*DATA SUPPLIED*.
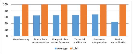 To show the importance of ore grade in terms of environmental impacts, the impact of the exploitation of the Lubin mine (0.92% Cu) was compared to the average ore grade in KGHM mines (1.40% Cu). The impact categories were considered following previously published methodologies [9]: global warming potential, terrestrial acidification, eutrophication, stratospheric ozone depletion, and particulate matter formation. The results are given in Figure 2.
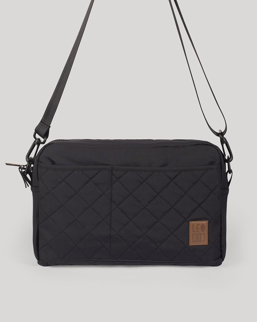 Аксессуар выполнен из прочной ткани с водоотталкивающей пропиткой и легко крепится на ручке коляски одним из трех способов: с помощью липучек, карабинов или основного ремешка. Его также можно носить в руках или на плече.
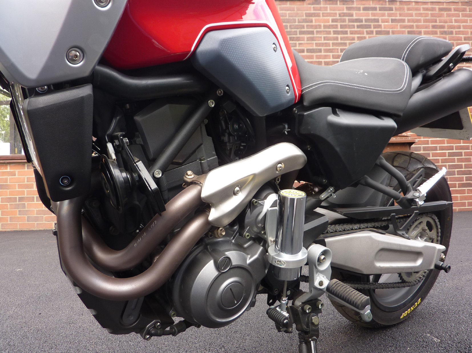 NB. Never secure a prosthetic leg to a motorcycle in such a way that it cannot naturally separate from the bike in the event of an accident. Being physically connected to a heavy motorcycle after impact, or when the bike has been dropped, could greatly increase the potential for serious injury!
---
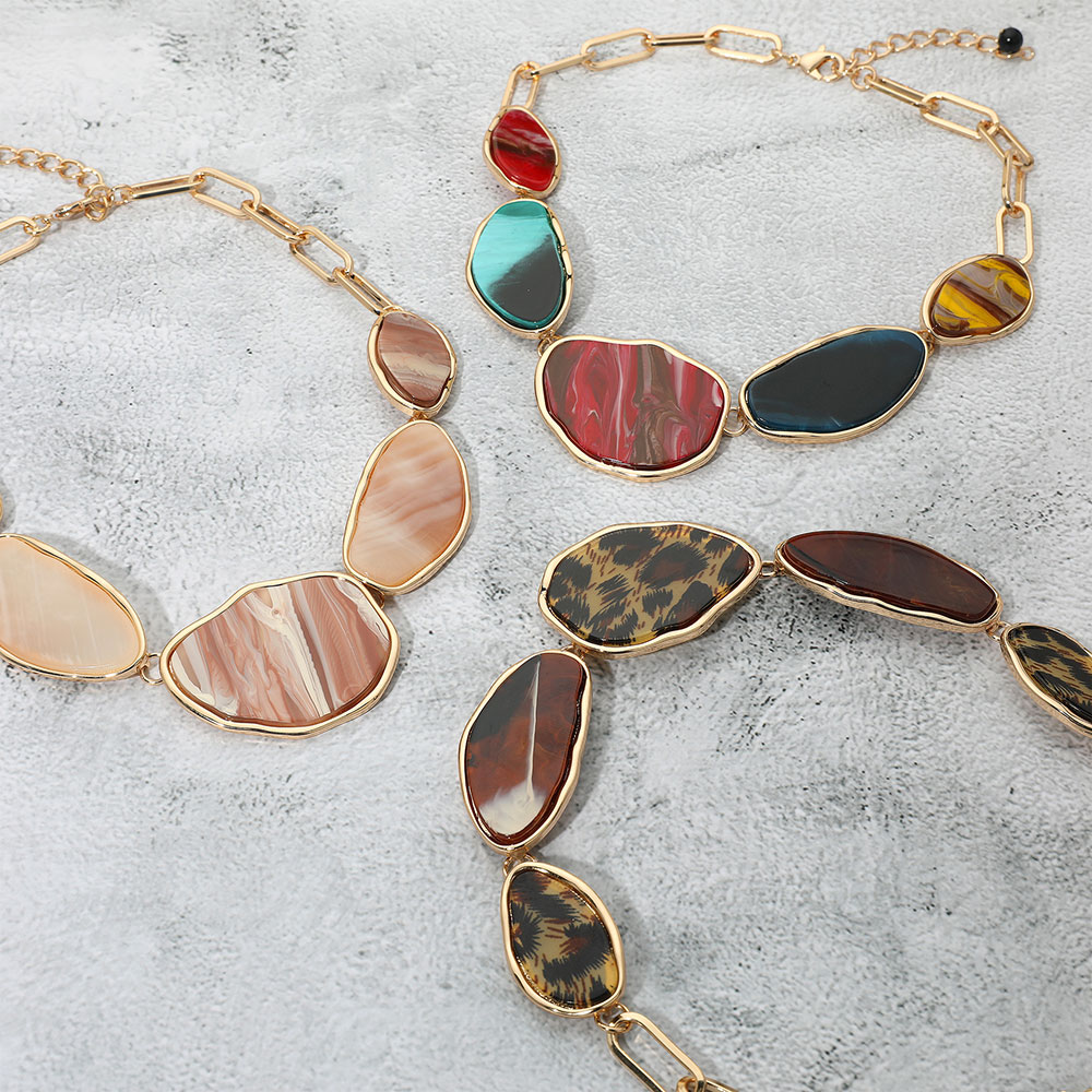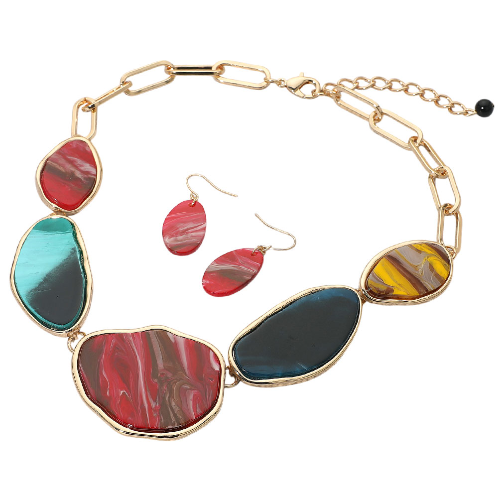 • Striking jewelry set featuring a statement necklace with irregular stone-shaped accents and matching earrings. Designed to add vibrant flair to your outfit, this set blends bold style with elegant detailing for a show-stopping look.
...
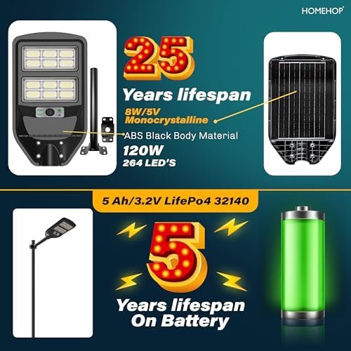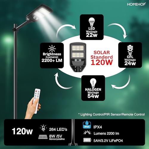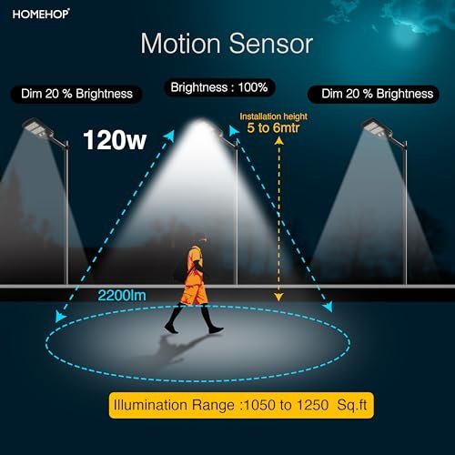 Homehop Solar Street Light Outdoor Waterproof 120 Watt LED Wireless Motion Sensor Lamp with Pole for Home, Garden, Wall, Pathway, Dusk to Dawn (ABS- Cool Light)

*DIRECTIONS FOR THIS TASK*.
When copying from the data above, begin at the line containing "To show the" and end at the line containing "Аксессуар выполнен из"; return those lines exactly and leave all pictures behind.

*EXERCISE OUTPUT*.
 To show the importance of ore grade in terms of environmental impacts, the impact of the exploitation of the Lubin mine (0.92% Cu) was compared to the average ore grade in KGHM mines (1.40% Cu). The impact categories were considered following previously published methodologies [9]: global warming potential, terrestrial acidification, eutrophication, stratospheric ozone depletion, and particulate matter formation. The results are given in Figure 2.
 Аксессуар выполнен из прочной ткани с водоотталкивающей пропиткой и легко крепится на ручке коляски одним из трех способов: с помощью липучек, карабинов или основного ремешка. Его также можно носить в руках или на плече.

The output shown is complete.